Exercise aim: Although the records contain pictures, none belong in the copy: restate word for word only the lines from the one with "SHOT騎行公園里工作。新華社記者 梁旭 攝" through the one with "На практике реализованы", both included.

Listed entries:
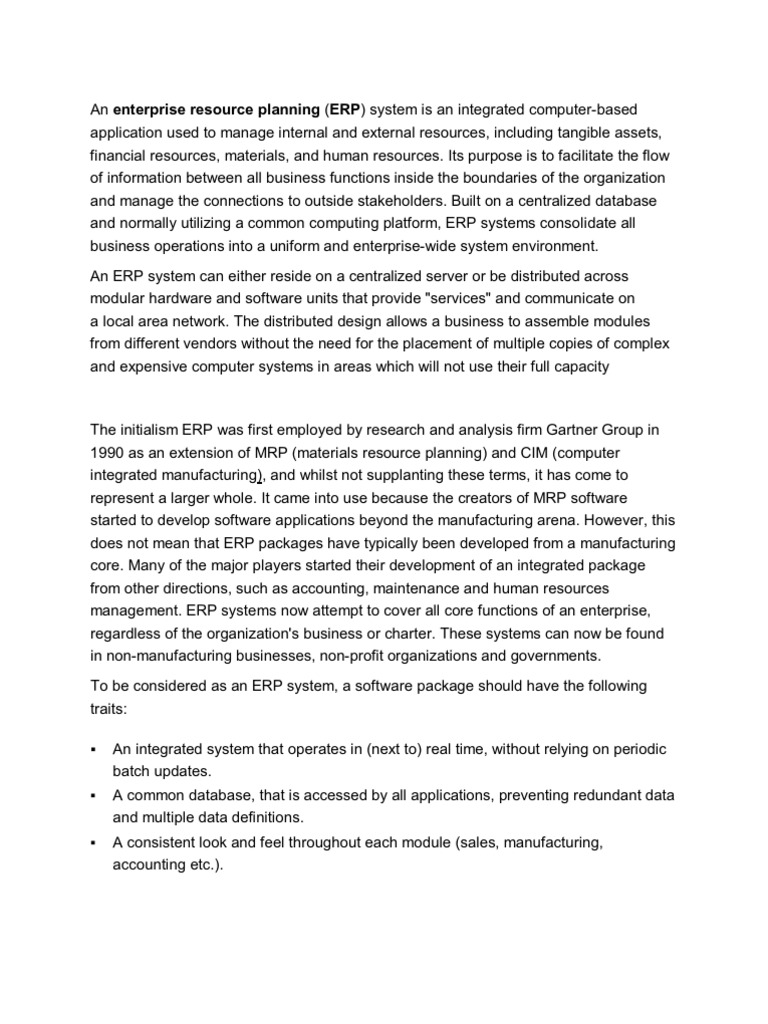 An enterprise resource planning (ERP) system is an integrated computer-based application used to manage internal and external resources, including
==
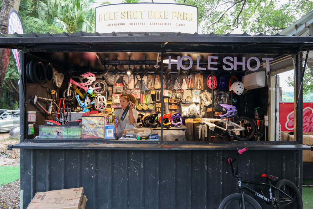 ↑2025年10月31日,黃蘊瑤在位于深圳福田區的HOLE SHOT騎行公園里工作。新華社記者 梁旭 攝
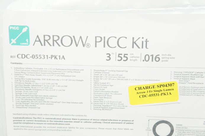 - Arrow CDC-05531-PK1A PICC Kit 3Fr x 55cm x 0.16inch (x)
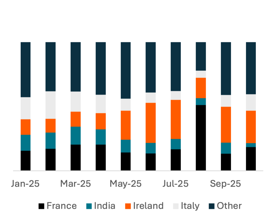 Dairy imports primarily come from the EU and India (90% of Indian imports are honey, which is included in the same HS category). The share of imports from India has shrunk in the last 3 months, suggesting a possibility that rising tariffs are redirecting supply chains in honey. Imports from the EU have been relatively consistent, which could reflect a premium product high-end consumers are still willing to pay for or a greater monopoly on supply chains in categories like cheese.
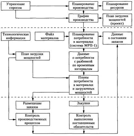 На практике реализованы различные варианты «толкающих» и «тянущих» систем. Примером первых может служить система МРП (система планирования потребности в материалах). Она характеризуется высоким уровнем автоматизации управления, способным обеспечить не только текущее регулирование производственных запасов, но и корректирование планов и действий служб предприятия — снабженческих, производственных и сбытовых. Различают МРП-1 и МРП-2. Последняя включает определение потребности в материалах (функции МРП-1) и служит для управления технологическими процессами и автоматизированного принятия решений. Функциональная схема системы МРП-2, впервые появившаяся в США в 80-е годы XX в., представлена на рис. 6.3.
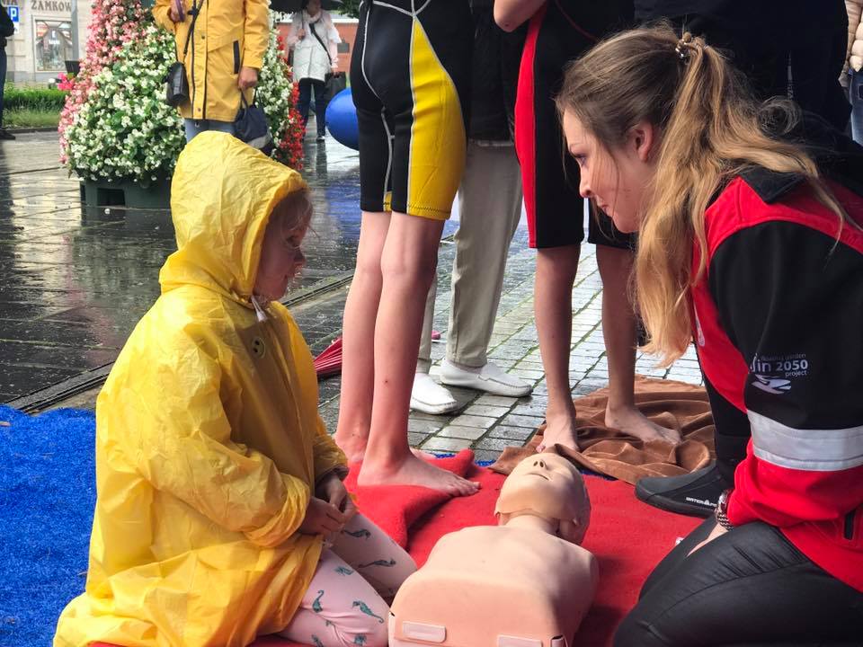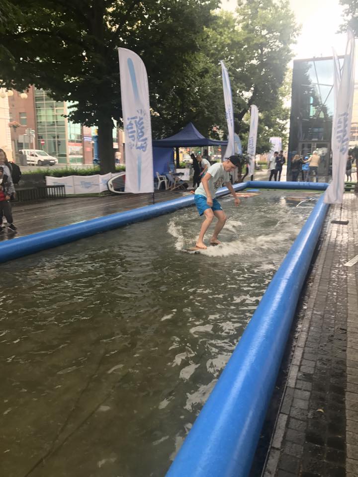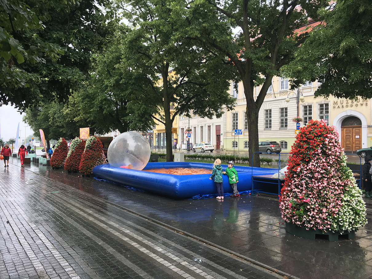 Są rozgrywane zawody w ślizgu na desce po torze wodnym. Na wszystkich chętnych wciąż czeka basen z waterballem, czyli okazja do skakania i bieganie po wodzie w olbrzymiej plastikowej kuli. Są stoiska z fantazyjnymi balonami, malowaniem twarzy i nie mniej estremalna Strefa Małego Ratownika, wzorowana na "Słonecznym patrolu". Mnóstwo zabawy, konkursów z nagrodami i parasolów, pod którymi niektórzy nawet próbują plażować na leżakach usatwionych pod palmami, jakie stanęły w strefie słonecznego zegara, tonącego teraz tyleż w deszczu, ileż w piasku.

Exercise output:
 ↑2025年10月31日,黃蘊瑤在位于深圳福田區的HOLE SHOT騎行公園里工作。新華社記者 梁旭 攝
 - Arrow CDC-05531-PK1A PICC Kit 3Fr x 55cm x 0.16inch (x)
 Dairy imports primarily come from the EU and India (90% of Indian imports are honey, which is included in the same HS category). The share of imports from India has shrunk in the last 3 months, suggesting a possibility that rising tariffs are redirecting supply chains in honey. Imports from the EU have been relatively consistent, which could reflect a premium product high-end consumers are still willing to pay for or a greater monopoly on supply chains in categories like cheese.
 На практике реализованы различные варианты «толкающих» и «тянущих» систем. Примером первых может служить система МРП (система планирования потребности в материалах). Она характеризуется высоким уровнем автоматизации управления, способным обеспечить не только текущее регулирование производственных запасов, но и корректирование планов и действий служб предприятия — снабженческих, производственных и сбытовых. Различают МРП-1 и МРП-2. Последняя включает определение потребности в материалах (функции МРП-1) и служит для управления технологическими процессами и автоматизированного принятия решений. Функциональная схема системы МРП-2, впервые появившаяся в США в 80-е годы XX в., представлена на рис. 6.3.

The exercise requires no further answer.